For food ingredients, potentially harmful contaminants are addressed by limiting the amount present in the specifications - higher than allowed amounts render the ingredient and the food to which it has been added, adulterated (see 21 US Code § 342). Common contaminants of ingredients include heavy metals and microbes, regardless of how they are produced. Therefore, specifications for ingredients typically include limits for heavy metals (lead, arsenic, mercury and cadmium), bacteria (i.e. total aerobes, E. coli and Salmonella) and yeast/mold. Specifications for other contaminants are added on a case-by case basis, depending on the source or type of the ingredient, method of manufacture and foods to which the ingredient is added. Ingredients that will be added to infant formula cannot be contaminated with Cronobacter sakazakii.

THE FDA'S APPROACH TO HEAVY METALS

Over the past 10-15 years, the FDA has been active in issuing guidance documents for intake of heavy metals (particularly lead) from food. This activity aligns with their Closer-to-Zero initiative for reducing childhood exposure to contaminants from food¹. Lead exposure is particularly hazardous for the fetus, infants and children because they absorb more lead from food than adults and are susceptible to the deleterious effects of lead on the developing nervous system². Exposure to high levels of lead has been associated with a reduction in intelligence quotient (IQ) and adverse effects on behavior. The Centers for Disease Control and Prevention (CDC) has been monitoring blood lead levels (BLL) of children who are at risk for lead poisoning for decades and has steadily reduced the blood lead level (BLL) health care providers should use for identifying children who need intervention to reduce lead exposure.

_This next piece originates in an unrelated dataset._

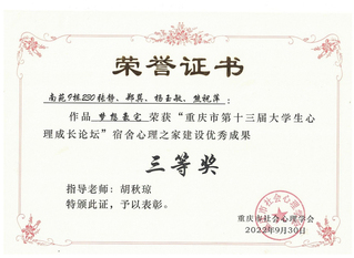 (通讯员 王心月)日前,“重庆市第十三届大学生心理成长论坛”心理成长微课比赛评选结果揭晓,在张敏、胡秋琼老师的指导下,我...
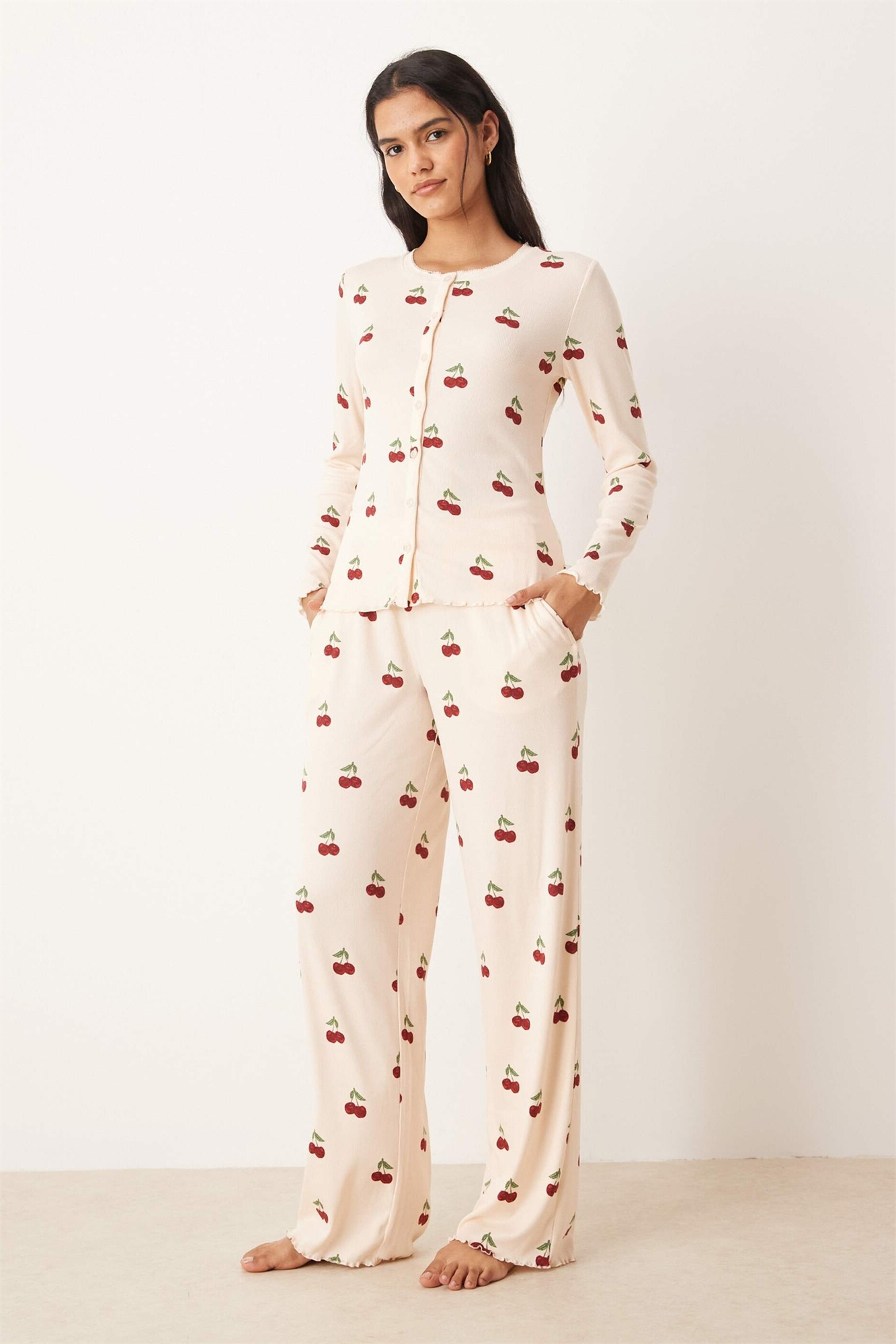 Пижама с длинными рукавами и ребристой тканью

ALIGNING THE FDA AND CDC POLICIES: EVOLUTION OF LEAD ACTION LEVELS AND RECOMMENDATIONS

In 2012, the CDC changed its BLL recommendation from 10 µg/dL to 5 µg/dL and in 2021, the CDC further reduced it to 3.5 µg/dL³. Since the early 1990s, the FDA has aligned their lead policy with that of the CDC. In 1992, the FDA used the CDC’s benchmark of a 10 µg/dL BLL to develop provisional tolerable total daily intakes for lead of 6 μg/day for young children and 25 μg/day for pregnant or lactating women⁴. As the CDC has steadily dropped their lead action levels, so has the FDA. However, to account for sensitive individuals, the FDA has applied an additional safety factor of 10 to the CDC’s recommendations. In 2020, based on the reduction in the CDC’s action level from 10 µg/dL to 5 µg/dL, the FDA developed interim reference levels (IRLs) for lead intake of 3 μg/day in children and 12.5 μg/ day in women of childbearing age and adults, which correspond to a BLL of 0.5 μg/day^5,2. In response to the CDC lowering their recommended BLL from 5 µg/dL to 3.5 µg/dL in 2021, the FDA further decreased the IRLs for lead to 2.2 μg/day in children and 8.8 μg/day in women of childbearing age, which correspond to a BLL of 0.35 μg/dL. This BLL corresponds to an IQ loss of < 1 point³.

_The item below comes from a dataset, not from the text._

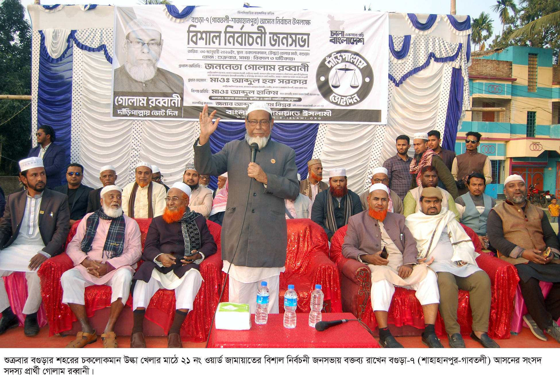 বগুড়া সংবাদ: আগামী জাতীয় সংসদ নির্বাচনের উপলক্ষে বাংলাদেশ জামায়াতে ইসলামী বগুড়া পৌরসভার ২১নং ওয়ার্ড শাখার উদ্যোগে বিশাল নির্বাচনী জনসভা অনুষ্ঠিত হয়েছে।

THE FDA'S INITIATIVES TO MITIGATE LEAD EXPOSURE IN CHILDREN AND FOOD PRODUCTS

Other steps the FDA has taken to reduce lead exposure in young children include recalls for foods containing unsafe levels of lead and issuance of guidance documents for action levels for lead in baby food, juice and candy⁶. Because the FDA has lowered their guidance level for lead intake in children from 6 μg/day to 2.2 μg/day over the course of 30 years, it is evident that levels of lead that were permitted in food ingredients 30 years ago would not be permitted today. Because lead can be introduced into a product from raw materials, it is important for manufacturers to use raw materials that contain low levels of lead.

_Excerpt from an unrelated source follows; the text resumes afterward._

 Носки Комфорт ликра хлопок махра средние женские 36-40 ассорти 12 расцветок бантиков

THE FDA'S NEW OPINIONS ON CADMIUM AND ARSENIC

Although the FDA has not been as active in developing guidance for exposure to heavy metals other than lead, recently they have issued a few opinions about action levels for cadmium and arsenic. In 2023, the FDA developed an oral toxicological reference value (TRV) for cadmium of 0.21–0.36 μg/kg bw/day⁷. Notably, the FDA hasn’t issued any guidance for cadmium prior to this publication, other than a limit of 5 ppb in bottled water. Recognizing that bottled water, apple juice and rice commonly contain inorganic arsenic (iAs), the FDA has issued a rule for a limit of 10 ppb iAs in bottled water and guidance for action levels of 10 ppb iAs in apple juice and 100 ppb iAs in infant rice cereal⁸. According to the FDA’s Closer-to-Zero Website, draft guidance documents for arsenic and cadmium in foods intended for babies and young children are expected in December, 2024¹. The FDA has not issued guidance for mercury other than advice for eating fish, which can contain methyl mercury⁹.

REGULATING MICROBIAL CONTAMINANTS IN FOOD INGREDIENTS

Microbes are different from other contaminants in that it is difficult to place a number on a safe versus an unsafe level of a microbe in an ingredient due to lack of animal or human studies that examine dose-response relationships. It is recognized that most, if not all food ingredients will be contaminated by aerobic bacteria and yeast/mold because these microbes are everywhere, but they should not contain bacteria that are known pathogens. Use of GMP, potable water, food grade materials (by US Standards), sterile media and frequent disinfection of equipment can help reduce bacterial contamination. Stability tests should include bacterial analyses because it is possible that microbial contamination will increase during storage, particularly if the contaminant is a spore-former.

ENSURING COMPLIANCE AND SAFETY IN FOOD INGREDIENT MANUFACTURING

Food ingredient manufacturers know that the FDA is serious when it comes to adulterated food. With the globalization of the food supply, there is increased risk of adulteration of food ingredients, especially when requirements from other countries may not be as stringent as the United States. Even if a manufacturing process reliably produces a food ingredient that is not adulterated, situations may arise which lead to contaminated or out of specification lots.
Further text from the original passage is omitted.